Thanks for putting this together and sorry it took me some time to catch
up (well, still not fully, so rather more questions below).

On Tue, Nov 28, 2023 at 06:22:38PM +0000, Mark Brown wrote:
> Since clone3() is readily extensible let's add support for specifying a
> shadow stack when creating a new thread or process in a similar manner
> to how the normal stack is specified, keeping the current implicit
> allocation behaviour if one is not specified either with clone3() or
> through the use of clone().  Unlike normal stacks only the shadow stack
> size is specified, similar issues to those that lead to the creation of
> map_shadow_stack() apply.

My hope when looking at the arm64 patches was that we can completely
avoid the kernel allocation/deallocation of the shadow stack since it
doesn't need to do this for the normal stack either.
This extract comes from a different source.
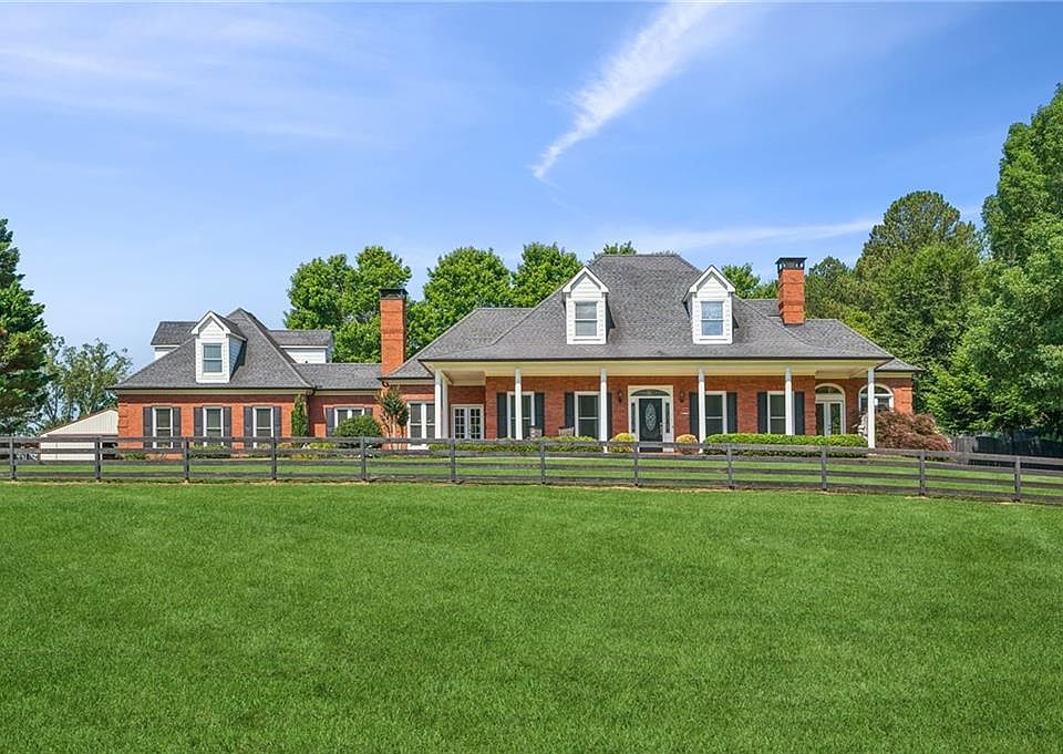 Welcome to your equestrian oasis in the heart of West Forsyth. This stunning 4-bedroom, 4-bathroom traditional home spans over 4,003 square feet and is situated on a sprawling 4.76-acre lot. The property features a master suite on the main level, providing convenience and elegance. This well-built, four-sided brick home boasts high ceilings, hardwood floors, and two charming brick fireplaces, creating a warm and inviting atmosphere. Enjoy additional living spaces such as a keeping room with a large brick fireplace, a bright and sunny sunroom, and a large bonus room that can serve as an office or playroom. The covered back patio and expansive garden offer serene outdoor living spaces for relaxation and entertainment. Equestrian enthusiasts will be delighted by the horse barn with four stalls, a riding arena, and large, beautiful fenced pastures, perfect for horses and other animals. Additional amenities include a spacious workshop and a large garden. Located just minutes from GA 400, this property offers easy access to excellent schools, shopping, dining, and the greenway. Experience the perfect blend of luxury, privacy, and convenience in this exceptional equestrian estate.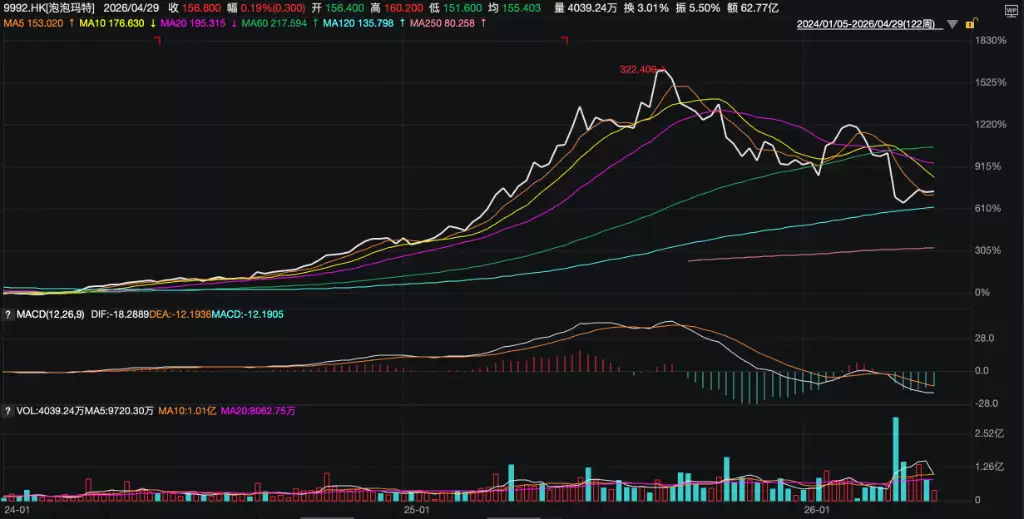 Labubu冰箱正式开售前日,市场热度已提前引爆:二手平台报价一度被炒至逾9万元,京东预售预约人数突破4.5万。4月29日早盘,泡泡玛特股价应声走高,一度涨近4.6%,截至发稿涨幅收窄至2.48%,报157港元。拉长时间维度看,公司股价自2025年8月底触及322港元的历史高点后便一路下行,至今股价已腰斩。

Could someone
please summarise why we dropped the shadow stack pointer after v1? IIUC
there was a potential security argument but I don't think it was a very
strong one. Also what's the threat model for this feature? I thought
it's mainly mitigating stack corruption. If some rogue code can do
syscalls, we have bigger problems than clone3() taking a shadow stack
pointer.

My (probably wrong) mental model was that libc can do an mmap() for
normal stack, a map_shadow_stack() for the shadow one and invoke
clone3() with both these pointers and sizes. There is an overhead of an
additional syscall but if some high-performance app needs to spawn
threads quickly, it would most likely do some pooling.

I'm not against clone3() getting a shadow_stack_size argument but asking
some more questions. If we won't pass a pointer as well, is there any
advantage in expanding this syscall vs a specific prctl() option? Do we
need a different size per thread or do all threads have the same shadow
stack size? A new RLIMIT doesn't seem to map well though, it is more
like an upper limit rather than a fixed/default size (glibc I think uses
it for thread stacks but bionic or musl don't AFAIK).

Another dumb question on arm64 - is GCSPR_EL0 writeable by the user? If
yes, can the libc wrapper for threads allocate a shadow stack via
map_shadow_stack() and set it up in the thread initialisation handler
before invoking the thread function?

Thanks.

-- 
Catalin